C’è la grande impresa che ha da tempo programmato un investimento per rendere più sicura e efficiente la rete elettrica regionale, l’azienda del Nord che ha pianificato in Sicilia investimenti sul fronte delle energie rinnovabili e ci sono decine e decine di piccole imprese che attendono solo un via per fare investimenti pianificati da tempo. Per non parlare poi di opere pubbliche,a volte anche strategiche, già finanziate ma ferme. C’è chi ha fatto una stima per difetto e ha calcolato in quasi due miliardi di euro gli investimenti bloccati in Sicilia. Un conteggio che, ovviamente, non comprende alcune grandi opere pubbliche strategiche (si veda articolo pubblicato qui) che restano ferme per i più vari motivi.
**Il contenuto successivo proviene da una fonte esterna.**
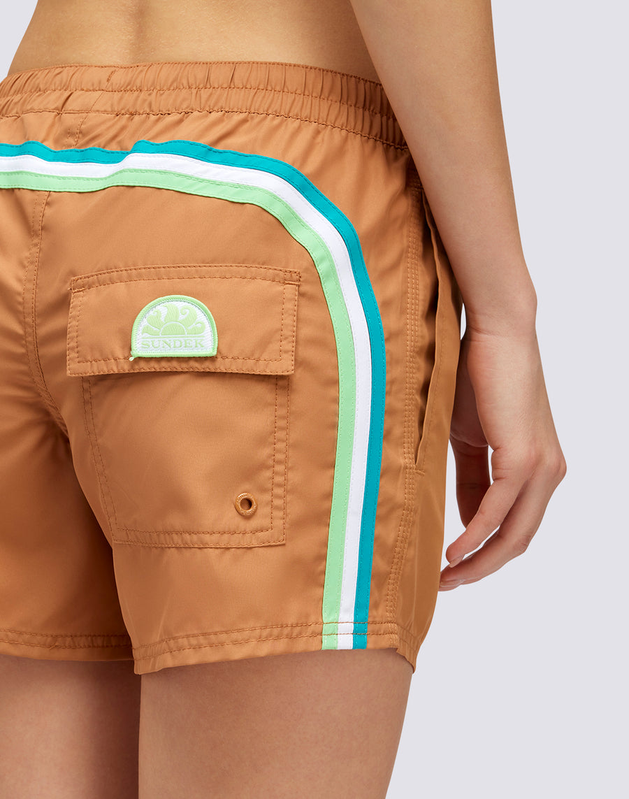 Avec le short de plage pour femme Coast, vous pourrez profiter d'un ajustement parfait grâce à la taille élastiquée, sans sacrifier le style. L'emblématique arc-en-ciel Sundek au dos en fait une pièce incontournable de votre tenue de plage.
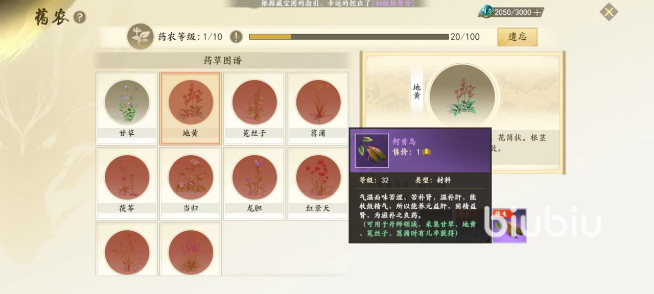 点击学习药农之后,就能够看到有当前药草图谱,每一种图谱都对应着不同地图和需要等级。例如刚刚学习等级只有一级,只能去大理采集甘草,在采集时候还会有伴生产品出现,有蓝色和紫色两种品质。采集药材不同,伴生出现产品也有着很大区别,例如采集甘草伴生的是山茱萸和何首乌,而采集红景天伴生的就是川贝和人参。这些都能在图谱中清楚看到,根据需要去不同地图采集。

La Sicilia è una regione che appare ferma, in balia di procedure lente e di innovazioni, si fa per dire, legislative o regolamentari che bloccano tutto piuttosto che aiutare. Con situazioni paradossali e situazioni veramente kafkiane. Sotto accusa, in particolare, vi sono i Piani paesaggistici che fanno capo all’assessorato regionale ai Beni culturali, entrati in vigore negli ultimi anni. Con non pochi problemi: in molti casi i vincoli cadono su opifici industriali già esistenti e costruiti anche da parecchi anni, in altri casi invece hanno stravolto l’iter autorizzativo di opere programmate molto tempo prima della loro entrata in vigore. È il caso, ma non certamente l’unico, della provincia di Ragusa dove i vincoli del Piano paesaggistico hanno paralizzato la ricerca e il successivo sfruttamento di idrocarburi con il risultato di paralizzare investimenti per un centinaio di milioni, facendo mancare incassi derivanti da possibili royalties e da contributi straordinari che secondo stime ammonterebbero a oltre 4,5 milioni. Se ne è reso conto l’assessorato regionale all’Energia che ha apertamente contestato il Piano paesaggistico.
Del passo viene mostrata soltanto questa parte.